- Last week, cryptoassets sold off sharply in line with traditional risk assets as escalating trade tensions due to newly announced tariffs by President Trump increased market volatility.
- Our in-house “Cryptoasset Sentiment Index” currently signals a bearish sentiment and is indicating an attractive risk-reward set-up.
- US tariffs have increased FX uncertainty via a stronger Dollar which has weighed on major cryptoassets like Bitcoin and Ethereum.
Chart of the Week
Performance
More specifically, 25% tariffs on Canada and Mexico (with a 10% carve-out for Canadian oil) and 10% on Chinese imports were scheduled to go into effect on Saturday, but have been delayed until Tuesday, Feb. 4.
Retaliatory measures from Canada and Mexico were announced shortly thereafter, potentially setting the stage for a broader trade conflict.
- Mexico's President Claudia Sheinbaum announced non-tariff countermeasures as part of "Plan B" and proposed a U.S.-Mexico working group on crime, rejecting White House claims of cartel protection.
- Canadian Prime Minister Justin Trudeau imposed a 25% counter-tariff on U.S. goods, with potential non-tariff actions in the energy sector under consideration.
- Canada may introduce energy export tariffs, which could disrupt U.S. energy supply and raise costs for industries, including Bitcoin mining, which holds 36% of the global hashrate (Luxor).
However, this unorthodox approach is likely to prove inflationary and undermine global confidence in the U.S. financial system. As the rest of the world bears the brunt of dollar debasement, the relative scarcity and creditworthiness of alternative reserve assets like gold and bitcoin should come into sharper focus.

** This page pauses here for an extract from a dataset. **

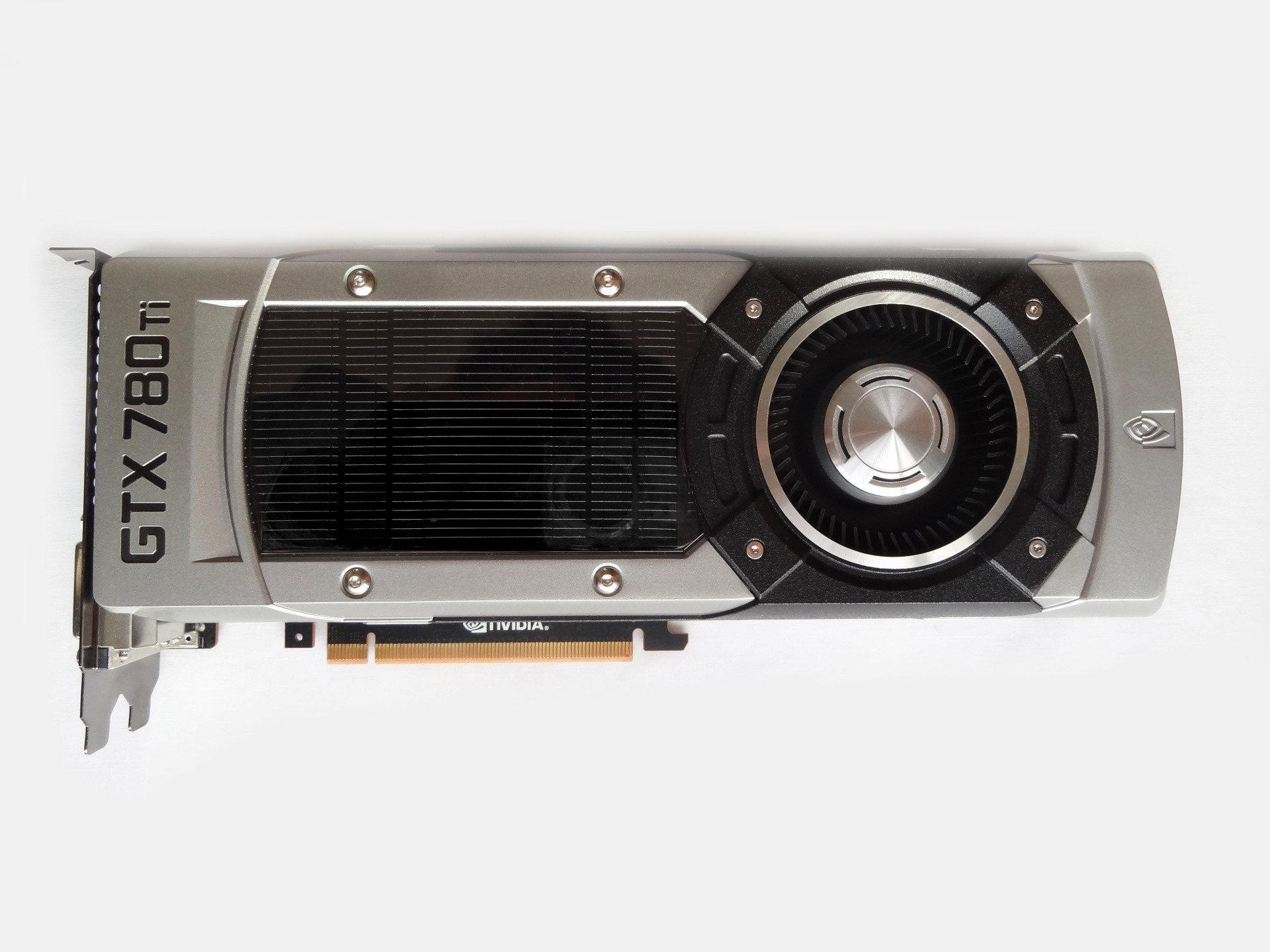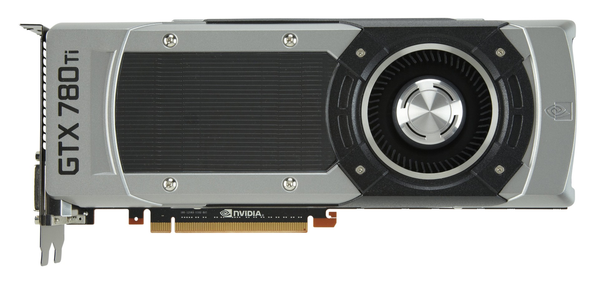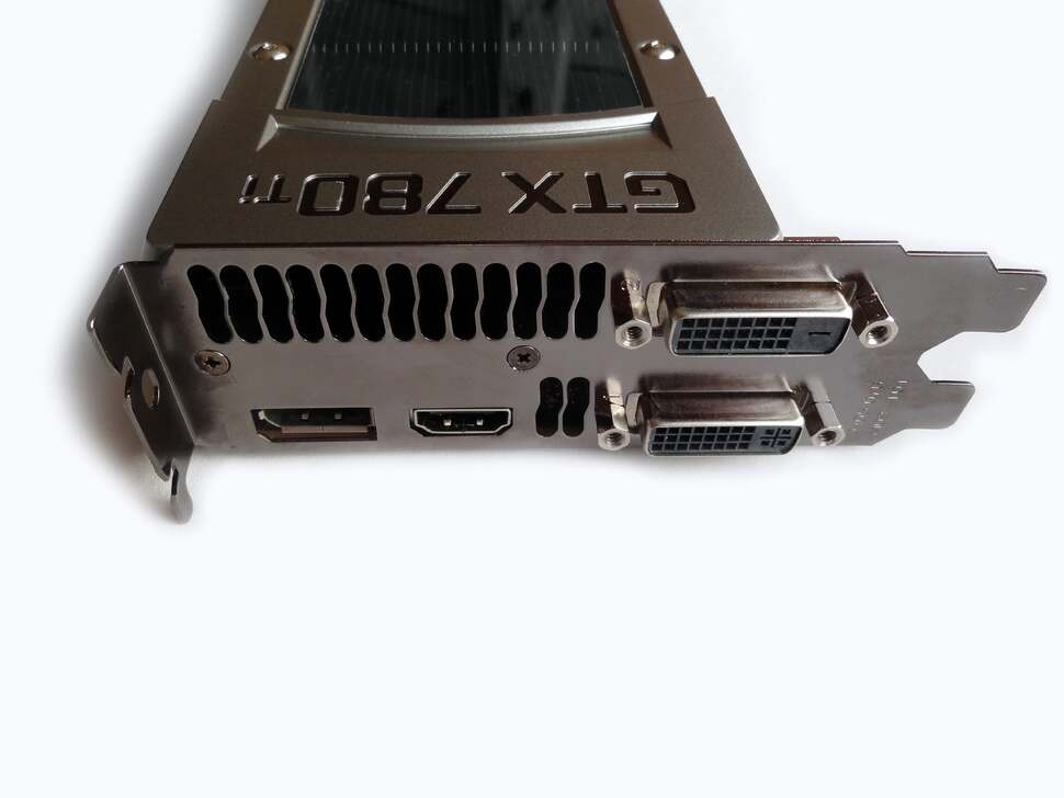 In terms of physical design, there are few surprises: the GTX 780 Ti is a single Kepler GPU housed in a double-slot form factor case, the total sum weighing in at 0.87kg. Much like the GTX 780, it sports a snazzy aluminium exterior with a dark fin array at its centre, plus grills to either end for divided airflow. For the money, it's a design that leaves the impression of a premium quality product overall, especially compared to the cheaper matte plastics used across the R9 290X. Meanwhile, the connections are standard fare: there are two DVI-D slots, DisplayPort (capable of reaching 4K resolutions at 60Hz), plus a single HDMI output.

Key data points that reinforce this thesis include:
- The sharp divergence between gold prices and real yields on long-dated US Treasuries, which suggests investors are losing confidence in government bonds as a reliable store of value. Gold is approaching $3,000/oz for the first time in history despite long-term US treasury bonds having the worst performance in history - a breakdown in the historical relationship that points to a potential regime change in global macro.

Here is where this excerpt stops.